Por Pedro María Rivera

Aprender a jugar al ajedrez, a montar en bici, a empezar a tocar un instrumento, a recoger fruta y verdura de un huerto o los huevos de gallina de un corral; mejorar en la cocina, leer un libro, soltarme a nadar, pintar un cuadro, hacer sudokus… ¡Anda que no hay cosas en las que pueda invertir el tiempo y tener nuevas experiencias para mi bagaje cultural!

Se preguntarán el por qué de mi contradicción con el dicho popular de que el saber no ocupa lugar. Es por su conexión con la motivación interna de la persona -la que se denomina intrínseca-. Prefiero afirmar que sí merece la pena invertir una parte de nuestro tiempo en la novedad, en el aprendizaje, en la búsqueda de alternativas porque con ello vamos a lograr mayor capacitación para resolver cualquier situación que se nos plantee en la vida; lo aprendido sí va a ocupar un lugar y en algún momento lo vamos a utilizar.
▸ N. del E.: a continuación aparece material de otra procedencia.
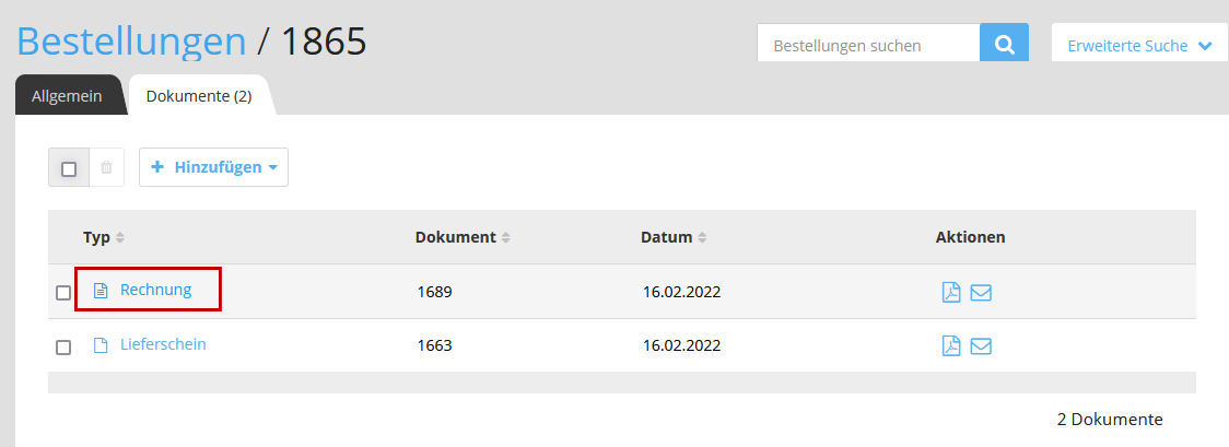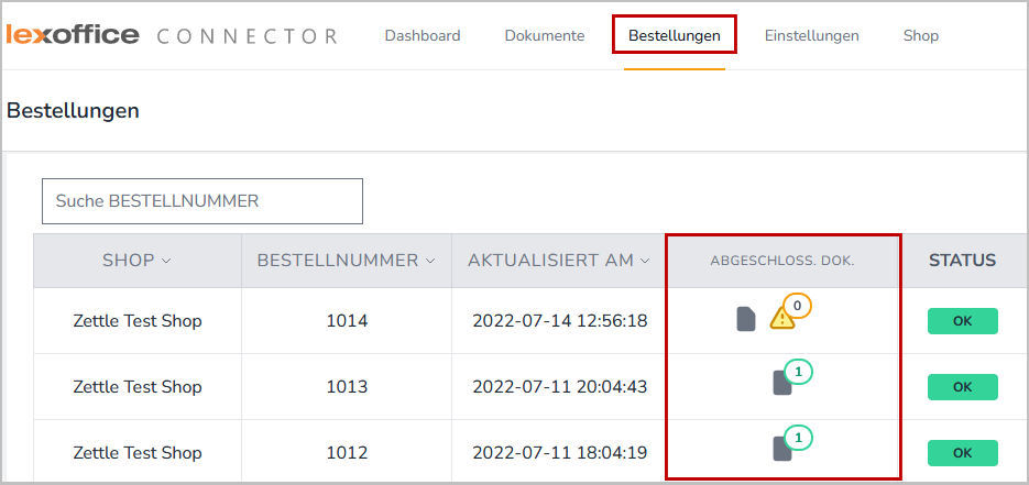 Auf „Bestellungen“ siehst Du, ob und wie viele abgeschlossene Dokumente es zu einer Bestellung auf epages gibt:
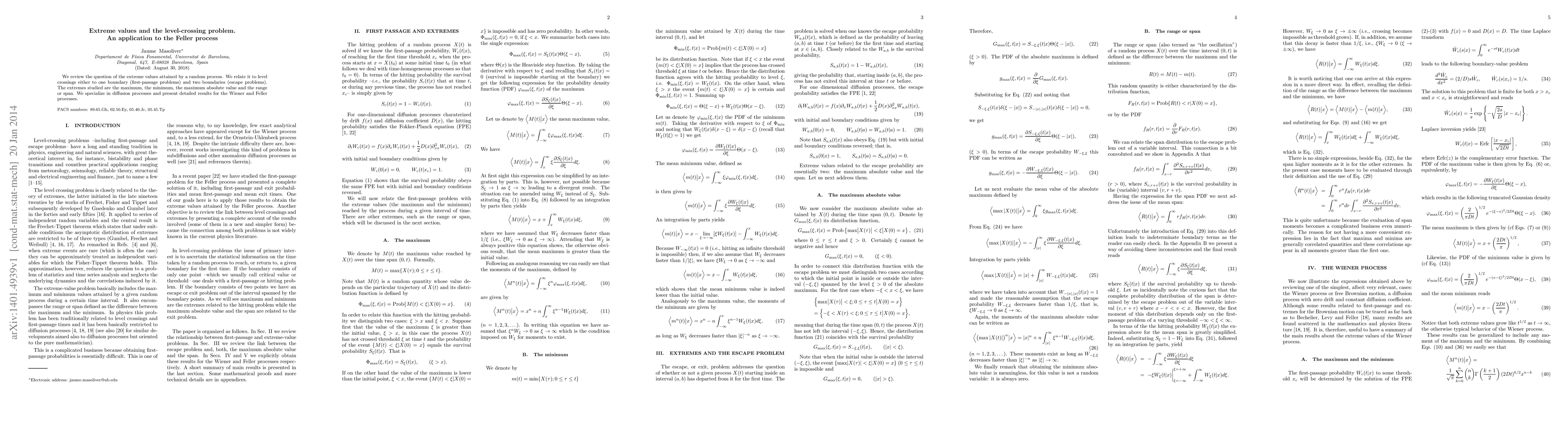 This paper reviews extreme value theory in random processes, focusing on the level-crossing problem for both one and two boundaries. It provides detailed results for the maximum, minimum, and range of Wiener and Feller diffusion processes.
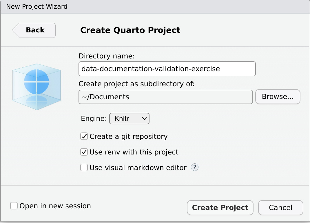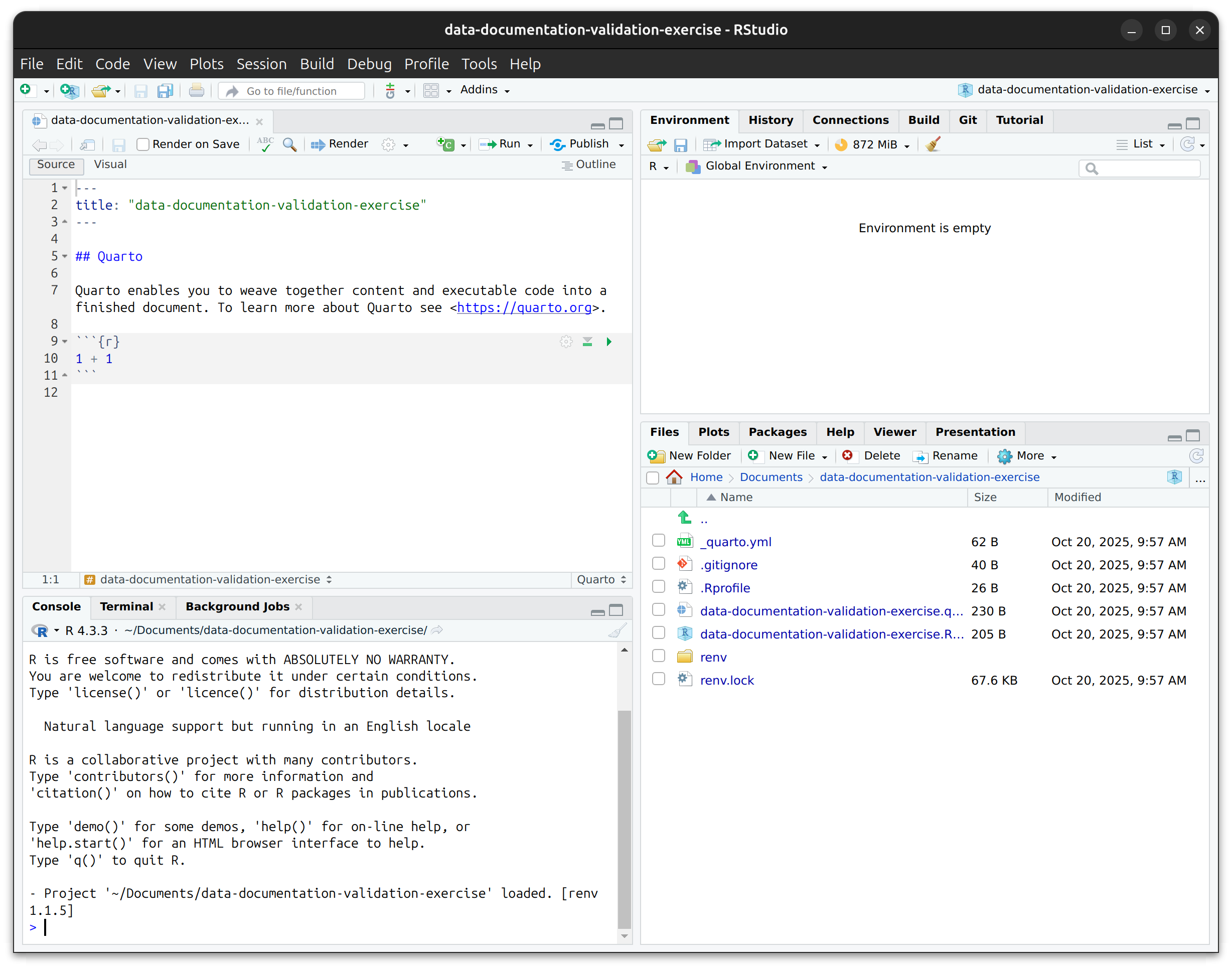This section guides you through setting up your R environment for data documentation and validation. You’ll create a reproducible project structure using Quarto (a tool for creating documents that combine code and text) and renv (a tool for managing R packages) that supports open science practices.
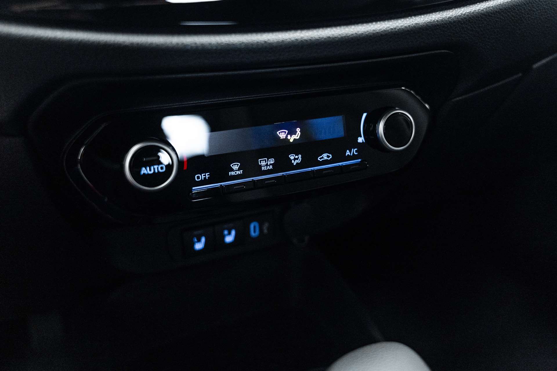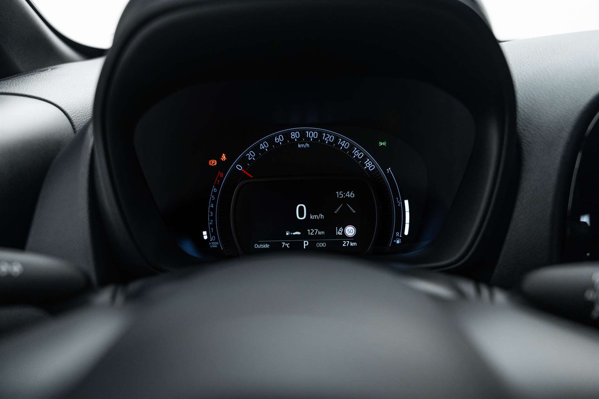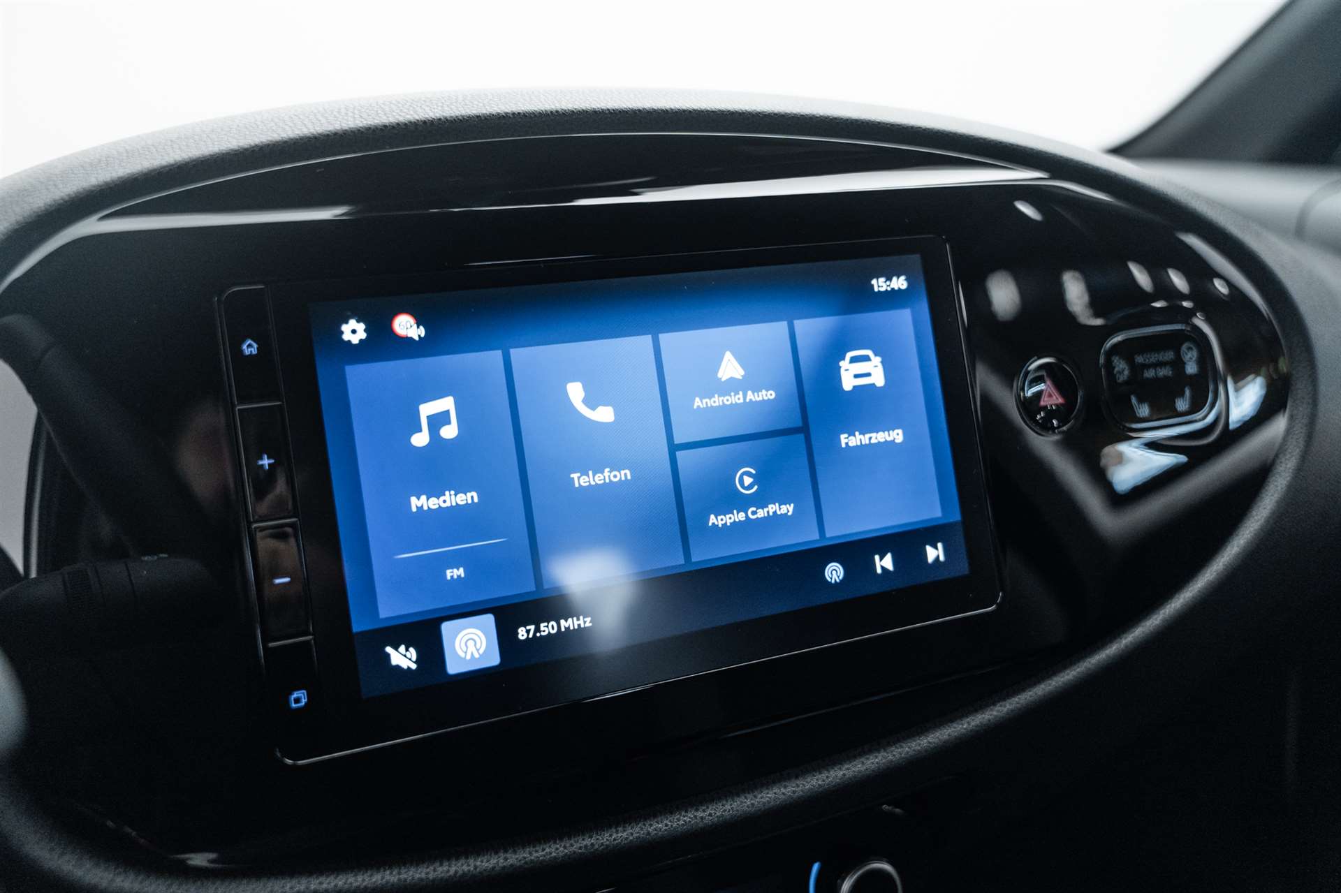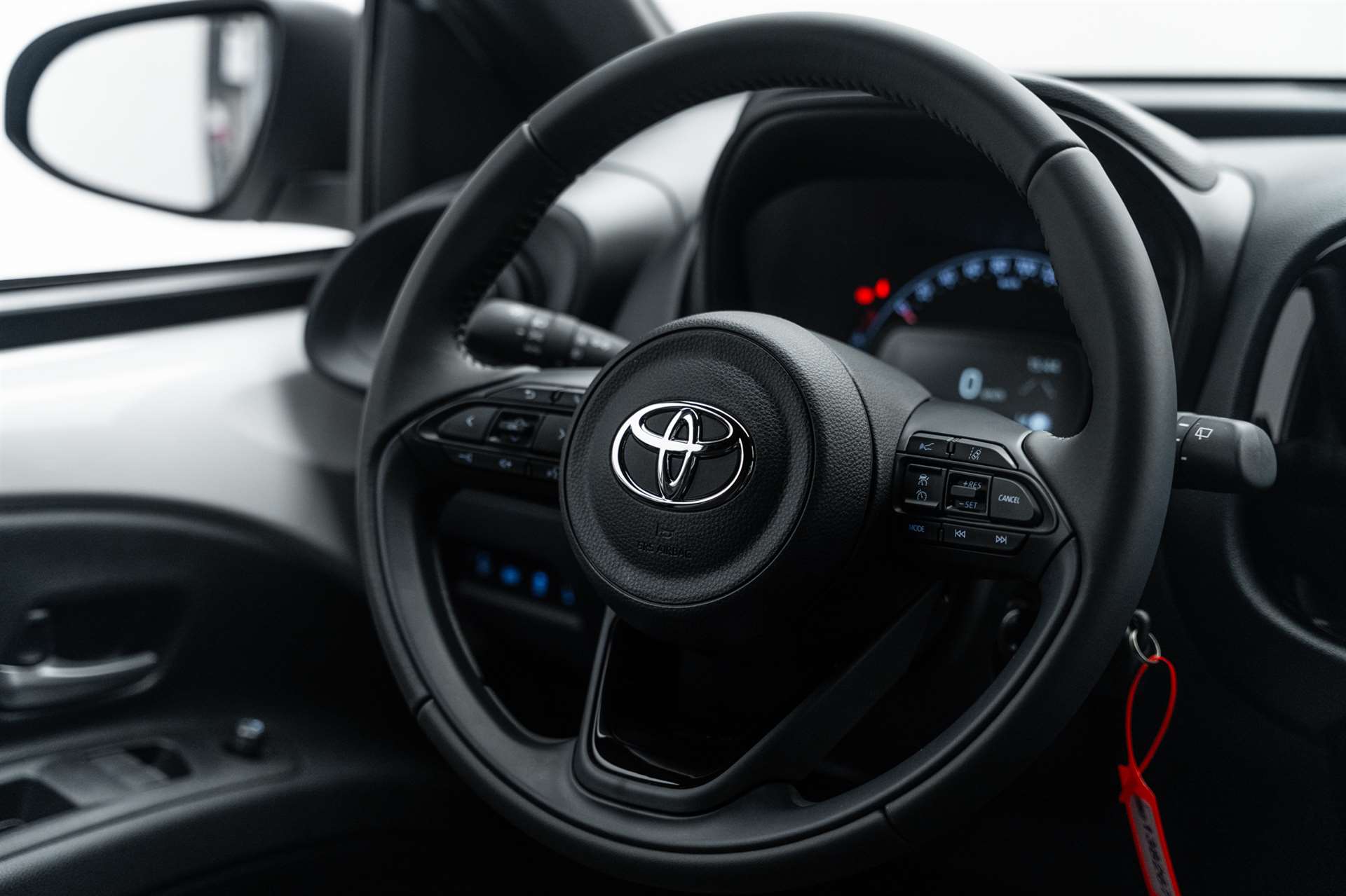 12 V-Anschluss vorne, Airbag: Airbag Fahrer und Beifahrer, Airbag: Kopfairbags vorne und hinten, Airbag: Seitenairbag für Fahrer und Beifahrer, Antiblockiersystem (ABS), Assist: Adaptiver Tempomat ACC, Assist: Geschwindigkeitsbegrenzer ASL, Assist: Parksensoren vorne und hinten (akustich), Assist: Parksensoren vorne und hinten (akustich), Assist: Pre Collision System mit Fussgänger- und Fahrraderkennung (PCS), Assist: Rückfahrkamera, Assist: Spurverfolgungsassistent (LTA) mit Spurverlasswarner (LDA) und aktiver Lenkunterstützung, Assist: Verkehrsschilderkennung (RSA), Aussenspiegel elektrisch verstellbar und beheizbar, Aussenspiegel in schwarz, Elektronische Traktionskontrolle, Elektronisches Stabilitäts-Programm (ESP), Fensterheber vorne elektrisch, Garantie: 3 Jahre/100’000 km, Getriebe: Stufenloser Automat, Heckscheibe und hintere Seitenscheiben getönt, Kabellose Ladestation für mobile Geräte (Qi), Klima: Klimaanlage mit Fernsteuerung, Klima: Klimaanlage mit Fernsteuerung, Klima: Klimaautomatik mit Pollenfilter, Kopfstützen 2. Sitzreihe fix, Lackierung: Bi-tone Lackierung, Lederbezogener Schaltknauf, Lenkrad: Lederlenkrad, Lenkrad: Lenkrad mit Bedienelementen, Licht: Abbiegelicht, LED, Licht: Ambientebeleuchtung Innenraum, Licht: Fernlicht-Automatik (AHB), Licht: Frontscheinwerfer LED, Licht: LED-Tagfahrlicht, Licht: Nebelscheinwerfer Halogen, Medfia. 4 Lautsprecher, Media: 9" Multimedia Display Toyota Touch 3, Media: MyT App Connected Services (10 Jahre gratis), Media: MyT App Smart Connect Pack (4 Jahre gratis) Ver-/entriegelung, Warnblinker betätigen, Media: Radio, DAB+ und Bluetooth, Media: Smartphone Integration: Apple CarPlay ohne Kabel / Android Auto ohne Kabel, Media: Toyota Smart Connect (T1) Multimedia mit 10.5" HD Bildschirm, Cloud-Navigationssystem, Media: USB Anschlüsse vorne (1x USB-C), Paket: Comfort-Pack, Pannendreieck, Passgenaue Kofferraummatte, Polster: Stoff, Räder: 17"-Leichtmetallfelgen, 175/65-R17 Reifen, Räder: 4 hochwertige Winter-Leichtmetallräder 17", Räder: Reifendruckkontrollsystem, Regensensor, Reiseapotheke, Servolenkung, Sicherheitsweste, Sitze: 2. Sitzreihe abklappbar 50:50, Sitze: Beifahrersitz 4 -fach manuell verstellbar, Sitze: Fahrersitz 6-fach manuell verstellbar, Sitze: Fahrersitz höhenverstellbar, Sitze: Sitzheizung vorne, Sitze: Sitzheizung vorne, Smart Entry, Sonnenblenden mit Spiegel Fahrerseite beleuchtet, Stossstangenschutzplatte hinten, Türgriffe aussen Wagenfarbe, Wegfahrsperre elektronisch, Zentralverriegelung mit Fernbedienung
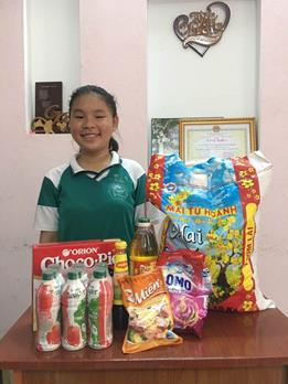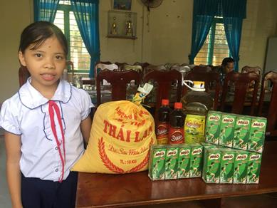 | Thao My with a household basket | LOVE and the sponsor sent the deepest condolences to Hong for her loss. LOVE’s staff visited her father’s funeral. |
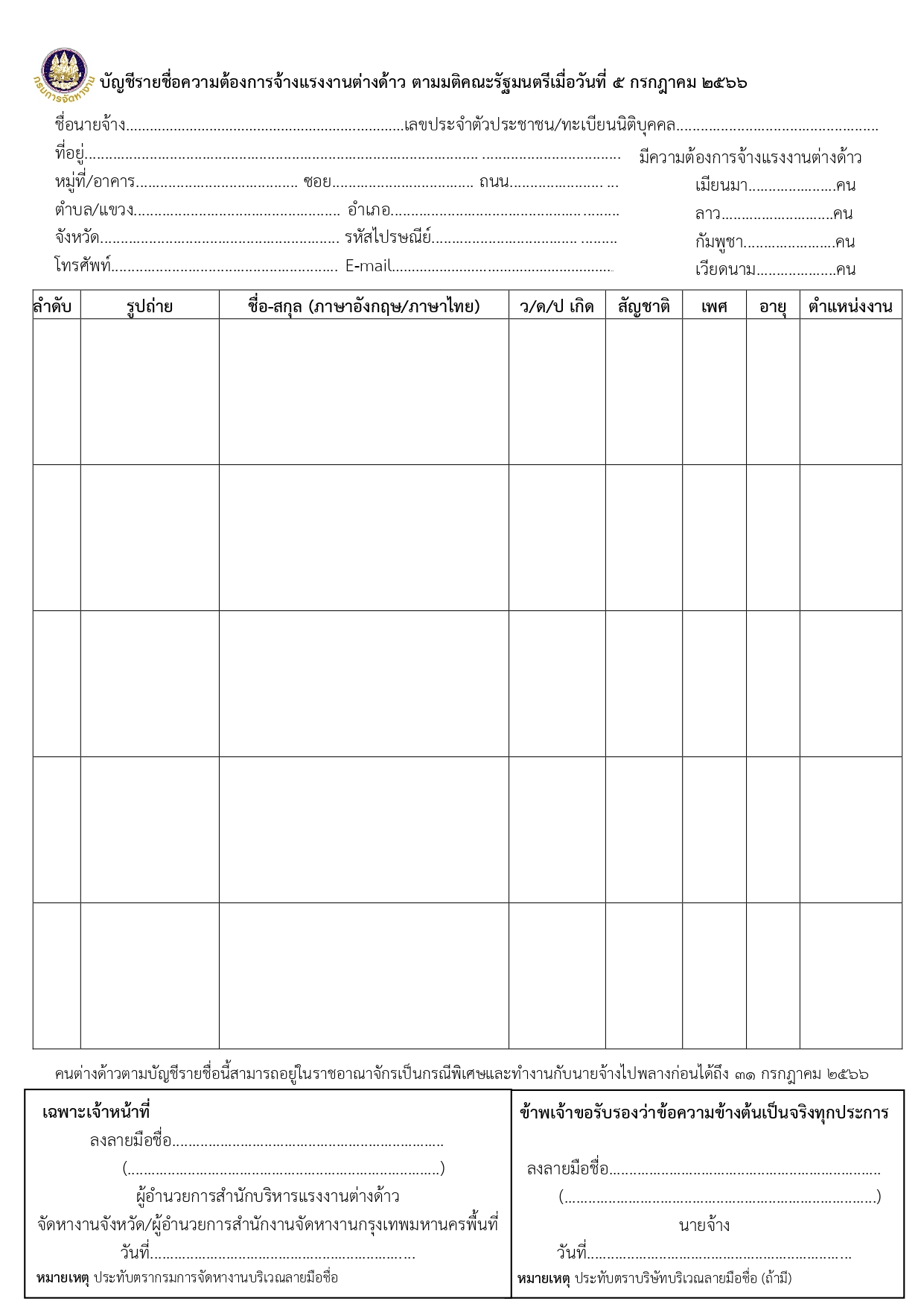 แบบบัญชีรายชื่อความต้องการจ้างแรงงานต่างด้าว ตามมติคณะรัฐมนตรีเมื่อวันที่ 5 กรกฎาคม 2566

Mi afirmación puede que sea fruto de la experiencia compartida con muchas personas que en su evolución personal me han manifestado, en infinidad de acciones formativas que he coordinado o en las que he participado aprendiendo, su satisfacción por haber superado por sí mismas la resistencia a cambiar, a recibir algo nuevo con actitud de empatía; por adquirir nuevas opciones para desenvolverse ante las difíciles situaciones que nos depara la actividad diaria. La actual pandemia es una muestra de enfrentarnos a retos difíciles.

En definitiva el saber, sí ocupa un lugar, el de tener otra alternativa o llevar más recursos de conocimientos y experiencias en el propio macuto, el de ser más competentes a partir de tener expectativas positivas sobre nosotros mismos y facilitarnos el aprendizaje. Es, también, una actitud favorecedora del desarrollo personal.

Mejor lo refleja una anécdota que me sucedió durante la típica ronda de presentaciones de las personas asistentes a un curso. Acababa de exponer los objetivos que íbamos a desarrollar de lunes a viernes y de sugerir la metodología participativa y de intercambio de experiencias. Después de mi propio saludo y presentación, lo hicieron otros participantes; de repente uno de ellos nos dijo algo que no se me olvidará jamás:

«Me llamo Manuel, tengo 64 años y 361 días. -Todos le miramos con gran curiosidad y sonriendo por tan impactante forma de comenzar-. Llevo en la empresa -prosiguió él- más de cuarenta años y, de ellos, tengo una experiencia de casi los mismos y digo esto porque me he pasado rotando y aportando mi trabajo y aprendiendo cosas nuevas en infinidad de ocasiones; quiero decir -matizó- que no los tengo sólo de antigüedad, sino de experiencia debida a los cambios continuos. Así pues, me jubilo el próximo viernes, cuando cumpla los 65 años de edad». Después de un aplauso del grupo, añadió…

«He querido despedirme de esta manera. Sabía que estaba programado este curso que tenía previsto hacer en tres ediciones anteriores y una vez por razón de enfermedad y otras dos por viajes de trabajo me quedé sin poder realizarlo. Quiero llevarme el mejor recuerdo, el de seguir aprendiendo de por vida, me voy por mi jubilación pero os recordaré, creo que nos veremos y, sobre todo, reflejaré siempre mi preferencia y visión por los aspectos positivos propios y del grupo. Lo que casi siempre me ha movilizado ha sido mi motivación por continuar aprendiendo para mí mismo y para volcarme en aportar».

 

El curso lo coordinábamos dos profesores y les aseguro que tanto el grupo como nosotros mismos aprendimos de cada intervención y aportación de Manuel pues, además de saber y tener experiencia, su actitud reflejó humildad, sencillez y muy buena pedagogía al exponerlas. Felices vacaciones aprendiendo a descansar y algo más.